As 'nosmt' has become popular recently, the proper solution for X86 is to
enforce HOTPLUG_CPU when SMP is enabled.

Thanks,

	tglx
----
 arch/x86/Kconfig |    8 +-------
 kernel/cpu.c     |   20 ++++++++++++++++++--
 2 files changed, 19 insertions(+), 9 deletions(-)

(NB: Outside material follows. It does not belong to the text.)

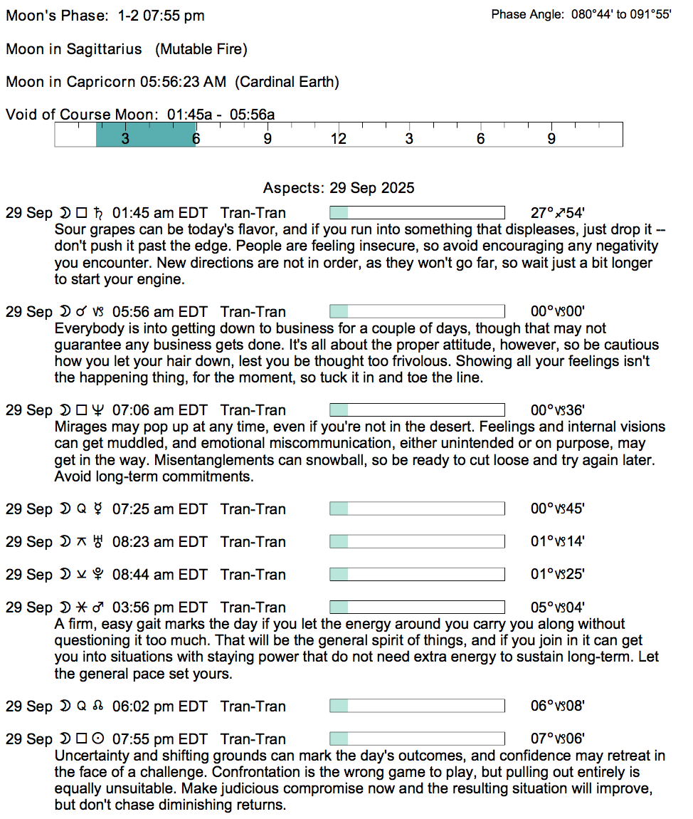 - A void Moon period occurs from 1:43 AM to 5:54 AM today.
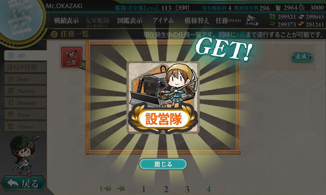 トリガーが発動し、いよいよ基地航空隊の設営隊を入手する任務に着手します。入手方法は6-3を攻略する物が1つ、そして5-3を攻略する物が1つ・・・無理に攻略しなくても設営隊はアイテム屋さんでも購入出来ますが、まぁそこは任務でこなしたいじゃないですか。

^ permalink raw reply	[flat|nested] 7+ messages in thread

* [patch 1/2] cpu/hotplug: Prevent crash when CPU bringup fails on CONFIG_HOTPLUG_CPU=n
  2019-03-26 16:36 [patch 0/2] cpu/hotplug: Prevent damage with SMP=y and HOTPLUG_CPU=n Thomas Gleixner
@ 2019-03-26 16:36 ` Thomas Gleixner
  2019-03-27  1:12   ` Greg KH
  2019-03-28 12:38   ` [tip:smp/urgent] " tip-bot for Thomas Gleixner
  2019-03-26 16:36 ` [patch 2/2] x86/smp: Enforce CONFIG_HOTPLUG_CPU when SMP=y Thomas Gleixner
  1 sibling, 2 replies; 7+ messages in thread
From: Thomas Gleixner @ 2019-03-26 16:36 UTC (permalink / raw)
  To: LKML
  Cc: Tianyu Lan, Konrad Wilk, Josh Poimboeuf, Mukesh Ojha,
	Peter Zijlstra, Jiri Kosina, Rik van Riel, Andy Lutomirski,
	Micheal Kelley, K. Y. Srinivasan, Greg KH, Linus Torvalds,
	Borislav Petkov, x86

Tianyu reported a crash in a CPU hotplug teardown callback when booting a
kernel which has CONFIG_HOTPLUG_CPU disabled with the 'nosmt' boot
parameter.

It turns out that the SMP=y CONFIG_HOTPLUG_CPU=n case has been broken
forever in case that a bringup callback fails. Unfortunately this issue was
not recognized when the CPU hotplug code was reworked, so the shortcoming
just stayed in place.

When a bringup callback fails, the CPU hotplug code rolls back the
operation and takes the CPU offline.

The 'nosmt' command line argument uses a bringup failure to abort the
bringup of SMT sibling CPUs. This partial bringup is required due to the
MCE misdesign on Intel CPUs.

With CONFIG_HOTPLUG_CPU=y the rollback works perfectly fine, but
CONFIG_HOTPLUG_CPU=n lacks essential mechanisms to exercise the low level
teardown of a CPU including the synchronizations in various facilities like
RCU, NOHZ and others.

As a consequence the teardown callbacks which must be executed on the
outgoing CPU within stop machine with interrupts disabled are executed on
the control CPU in interrupt enabled and preemptible context causing the
kernel to crash and burn. The pre state machine code has a different
failure mode which is more subtle and resulting in a less obvious use after
free crash because the control side frees resources which are still in use
by the undead CPU.

But this is not a x86 only problem. Any architecture which supports the
SMP=y HOTPLUG_CPU=n combination suffers from the same issue. It's just less
likely to be triggered because in 99.99999% of the cases all bringup
callbacks succeed.

The easy solution of making HOTPLUG_CPU mandatory for SMP is not working on
all architectures as the following architectures have either no hotplug
support at all or not all subarchitectures support it:

 alpha, arc, hexagon, openrisc, riscv, sparc (32bit), mips (partial).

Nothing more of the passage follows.